Sometimes one big inning is all you need, but that's the one big inning that the Nationals can never seem to get. Instead Livan (with an assist from Tony Blanco) gave up five runs before recording an out in the first. If you only score the game from the bottom of the first on, Livan pitched a gem. He threw seven more innings of shut out ball before giving way to Jason "Harvey" Bergmann who retired the side in order in the ninth. It's hard to feel like this game accomplished anything, what with the cavalcade of backups playing, but it should have definitively answered the question, can Tony Blanco be a big league first baseman? Answer: NO! All kidding aside though, I wish Tony well next year in Double-A ball.

The Kevin Maas Effect

Ryan Zimmerman certainly looks like the real deal. Back-to-back 3 for 4 days at the plate have raised his average a Rick Short-like .483, and he just missed his first big league homer last night, crushing a double off the left field fence. But the kid's only been up for three weeks. Pitchers don't have a book on him yet. The test will be how he does long about next May, when major league pitchers figure out how to pitch him.

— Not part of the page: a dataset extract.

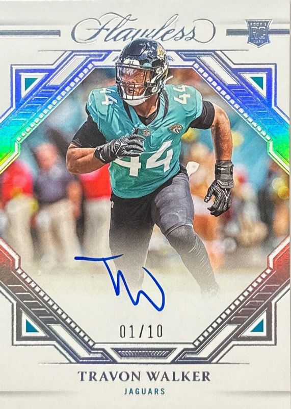 The Travon Walker 2022 Flawless #RFS-TW Rookie Frame Signatures - Silver (/10) card in Raw condition has not changed in price in the last 30 days and was last sold for $50.00 .
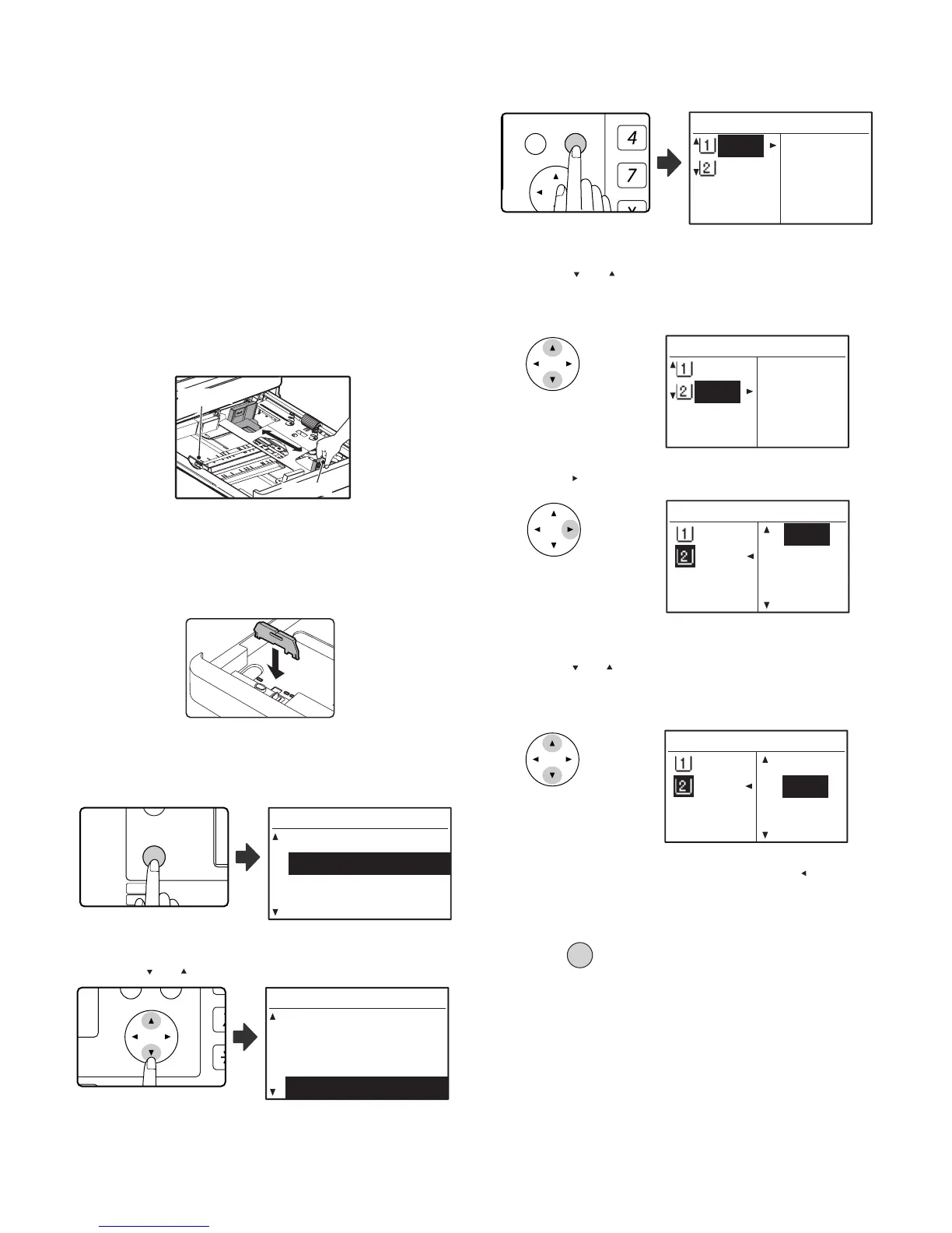5) Press the [ ] or [ ] key to select the paper tray for which the paper

Baseball history is littered with supernova players, guys who burned bright for half a season or a full year, then flamed out and disappeared.

A couple of caveats. Zimmer looks like a hitter, not a slugger, which is good. He doesn't overswing, and rarely strikes out swinging (6 Ks in 29 ABs being an admittedly small sample). So the signs that he might avoid the fate of Sam Horn and Joe Charboneau, among may others, are encouraging.